Outside America, things are more elemental: I listen to the BBC for a time most mornings, and followed reports made by journalists on scene of the effects of a pointless war between the egos of two Sudanese generals. "I'm looking at video from downtown, central Khartoum," one reporter noted, "and can see a large, modern building. It's the National Bank of Sudan, and it's burning. 

"The remarkable thing," he continued, "is that it's absolutely silent. We can hear gunfire, but otherwise, there are no sirens, no fire trucks, no ambulances. No one is coming to put out this fire."

Obligatory Photo Of Overly Familiar Cute Dog
In Middle Of Blog Rant

And no matter what you think about the war in Ukraine, it is brutal, and it has gone on for over 450 days. The damage is generational: that's how bad it is -- and you could use much the same language to describe events of the past decade in Yemen, Somalia, Syria; Lebanon. 

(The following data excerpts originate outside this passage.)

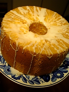 こないだスーパーで卵が特売だったから、久しぶりにシフォンケーキ焼いてみた。アイシングクリームもかけてみた。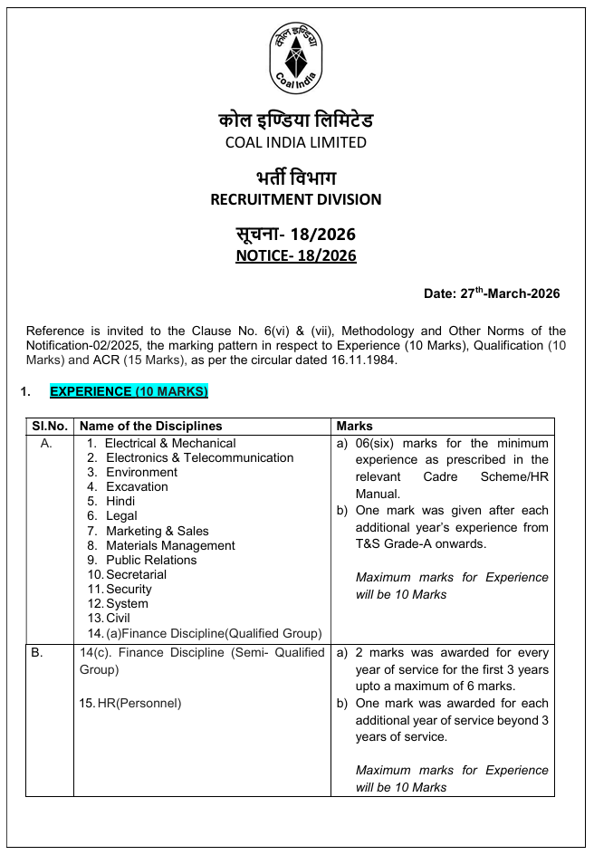 COAL INDIA Ltd. RECRUITMENT DIVISION NOTICE- 18/2026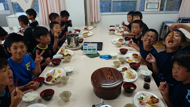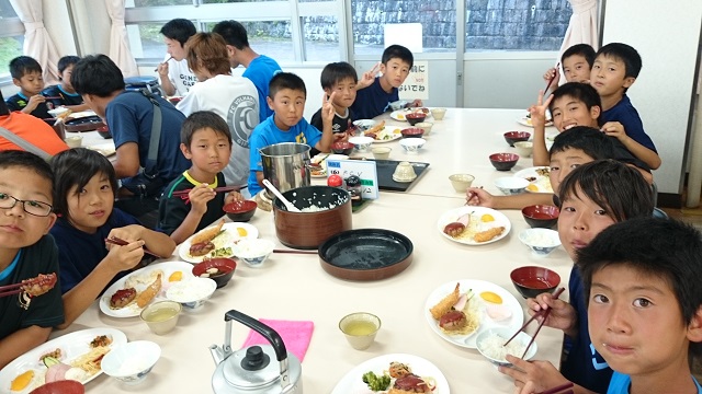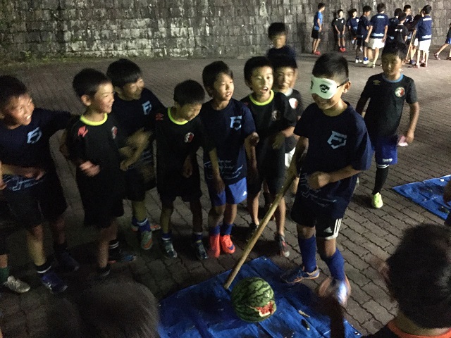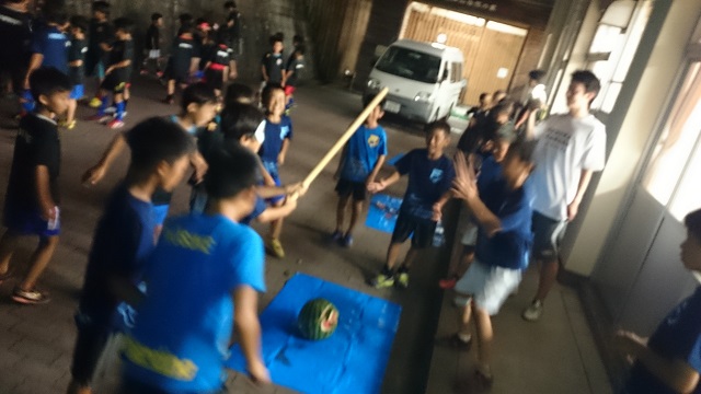サマーキャンプ2015in彦根 ② 食堂での夕飯。いつもとは違う仲間との食事は美味しかったかな? 食事の後にナイトハイクして(肝試し)すいか割り!! なめてましたね、すいか割りを。 こんなに楽しいとは思いもしなかった(^^)v ナイトハイク後のこどもたち。非常にテンション上がってました(^^)

In Gaza, the endless cycle of repression and revenge and counter-revenge goes on without letup or pity. And, Israelis turned out in tens of thousands to protest a government of malicious ego and religious arrogance, but it made no difference: the Malignant narcissist wins again. I suspect this will become the norm in countries like Israel, Hungary... and eventually France, Austria, America.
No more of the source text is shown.